The World’s End finds Gary King (Pegg) “puttin’ the band back together” in an attempt to recreate an abortive pub crawl twenty years earlier, though he encounters resistance from his old mates (Nick Frost, Paddy Considine, Martin Freeman, and Eddie Marsan), who have all grown up and left their childish ways behind them. Gary’s quest is complicated when he discovers that many of his hometown’s residents have been replaced by alien robot doppelgangers.
I’ll admit to a certain degree of apprehension about this movie after Wright’s last directorial outing, Scott Pilgrim vs. the World, which had the fun quotient I had come to expect but literalized its video-game roots with a distancing lack of irony. But in Wright’s filmic homecoming (he’s been making movies with Pegg & Frost for almost ten years, and their Spaced collaboration on TV goes back even further), he recovers his unique directorial voice with a project that’s equal parts heartwarming and hilarious.
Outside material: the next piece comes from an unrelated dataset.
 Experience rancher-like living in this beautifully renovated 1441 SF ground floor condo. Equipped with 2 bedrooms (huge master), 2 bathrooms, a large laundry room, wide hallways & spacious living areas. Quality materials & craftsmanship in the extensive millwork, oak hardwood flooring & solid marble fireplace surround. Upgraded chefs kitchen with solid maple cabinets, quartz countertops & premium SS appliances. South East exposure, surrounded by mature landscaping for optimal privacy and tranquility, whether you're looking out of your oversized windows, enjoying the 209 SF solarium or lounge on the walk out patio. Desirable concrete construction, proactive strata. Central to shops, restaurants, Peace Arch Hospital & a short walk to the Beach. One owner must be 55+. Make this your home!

The key is Wright’s deft ability (with cowriter Pegg) to navigate tonal shifts without compromising his film’s own unique identity. In a summer blockbuster season that’s seen empty characterization (Pacific Rim) and tonally schizophrenic tilt-a-whirls (Kick-Ass 2), it’s a relief to see a film like The World’s End, which manages to juggle satire, spoof, comedy, nostalgia, genuine science-fiction, and moving character drama all in one bundle. As scene-stealers go, it’s hard to do better than Eddie Marsan’s turn as Peter Page, who handles his sad sack role with aplomb; in a key bathetic monologue, he reveals his feelings of finitude, but his giddy one-liners fit perfectly within the bounds of his character because the film takes the time to get us to care about him before making him narratively significant.
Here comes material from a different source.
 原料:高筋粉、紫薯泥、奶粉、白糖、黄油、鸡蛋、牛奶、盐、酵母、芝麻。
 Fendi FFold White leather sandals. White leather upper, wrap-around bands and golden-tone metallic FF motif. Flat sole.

It’s a weird, almost perfunctory moment when the film switches from beer-guzzling comedy to ooky sci-fi, as though Wright remembered halfway through editing that he needed to satirize a film genre as he had in Shaun and Fuzz. But it’s not a requirement that impinges on the film; indeed, Wright’s greatest success is convincing us to care about his characters long before asking us to follow them on an insane journey. He’s given an assist by some really capable performances; Pegg and Frost switch roles for this film, with Pegg as the loser and Frost as the blue-collar worker, and it’s a role reversal that works better than expected, allowing each actor to remain fresh in a new role.
It doesn’t quite pass the Bechdel test, but The World’s End manages to be tons of fun with an equal serving of well-written heart. There are plenty of winks and nods to devotees of the genre or just to Cornetto Trilogy aficionados (the ice cream appears, as does the fence), but even taken solely on its own The World’s End is really just a solid movie all the way around. It does everything a movie ought to do – entertain, amuse, move, provoke – and is a much finer cap to the summer movie season than I was expecting. If this is how the world ends, bring on the afterlife.
The World’s End is rated R for “pervasive language including sexual references.” You know the drill: it’s comparable to Shaun and Fuzz in quantity of F- and C-bombs dropped. The blood in this one is almost entirely blue (literally, the color blue) and played for comic effect. We see a man’s bare buttocks once, and the men describe offbeat sexual acts in-depth (the “marmalade sandwich” – two blondes and a redhead – being a tame example).